I'm here with the LeTourneau University Wheels team,which I lead.  This time, there are five students and two other LeTourneau faculty members with me. Yesterday, I came up to Kijabe alone for two days to meet with the BethanyKids leadership. I’m feeling grateful, both to the two other faculty members taking leadership with the LeTourneau University Wheels team while I’m away, and grateful to the BethanyKids leadership for the invitation and the chance to facilitate their goals.  Its lovely to work with such great people. 

The room I’m staying in reminds me of the dorm rooms where I stayed as a child at Rift Valley Academy, which is just up the hill from where I’m sitting writing this. Construction methods here include the use of concrete and African hardwood with metal windows designed for security. It’s the wet season. At Kijabe that means chilly temperatures, red mud, and nearly constant fog, cloud and rain.  It also means cold cement and iron and no heating unless one is blessed to have a fireplace. To me it also feels emotionally cold because it brings back the lonely feelings I had here as a child away from family.

Grace is knowing we have meaningful work in a loving community.It’s a real reminder of God’s grace.

Last night, I had been planning to make myself a quick meal in the shared kitchen, but the stove was not working. Instead of being alone, I was unexpectedly invited to a very pleasant supper.  

As a child and even as an adult, I’ve often felt somewhat outcast. Phil has been such a comfort!! Thank you Phil! I think all of us long to be part of something meaningful and to be part of a community.

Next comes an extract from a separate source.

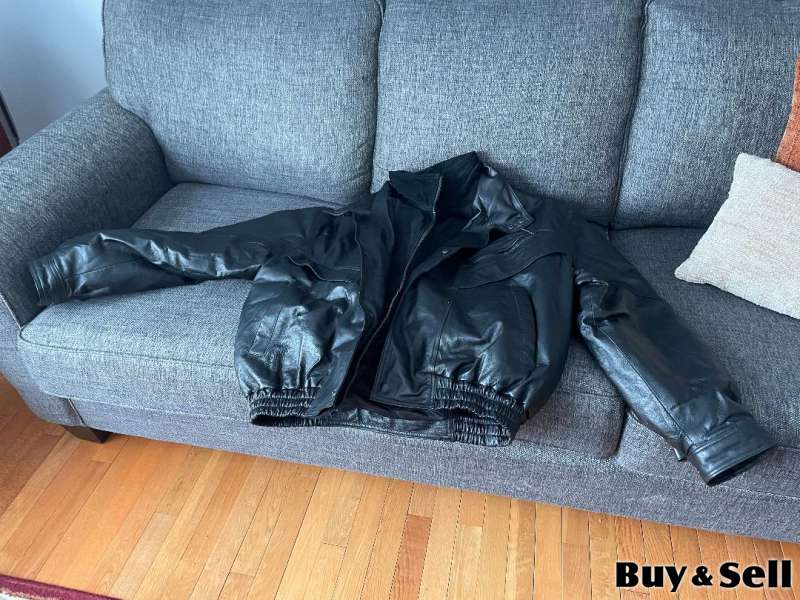 MEN'S Leather Bomber Jacket - Xl, MEN'S PELLE CUIR, LEATHER LINED Bomber Jacket, Black, size XL. From smoke and pet free home. In excellent condition as photos show. Would make a get Valentine gift !! $55.00, located in CBS, text 709-730-3756.

I’ve come to love the Bible passage in the book of Philippians, chapter one. Just after the well-known verse where Paul explains that he isn’t worried about dying in prison.  he goes on to say, “If I am to go on living in the body, that will mean fruitful labor for me.”  I am so grateful that Phil and I have meaningful jobs facilitating the work of wonderful people who are reaching out to give hope to those living with disabilities. 

I’ve become very aware that there is hope and meaningful work, even for those who are feeling the most isolated and unable. Some of the quotes by Joni Eareckson Tada, who is herself in a wheelchair, have come to mean a tremendous amount to me: “Deny your weakness, and you will never realize God’s strength in you.”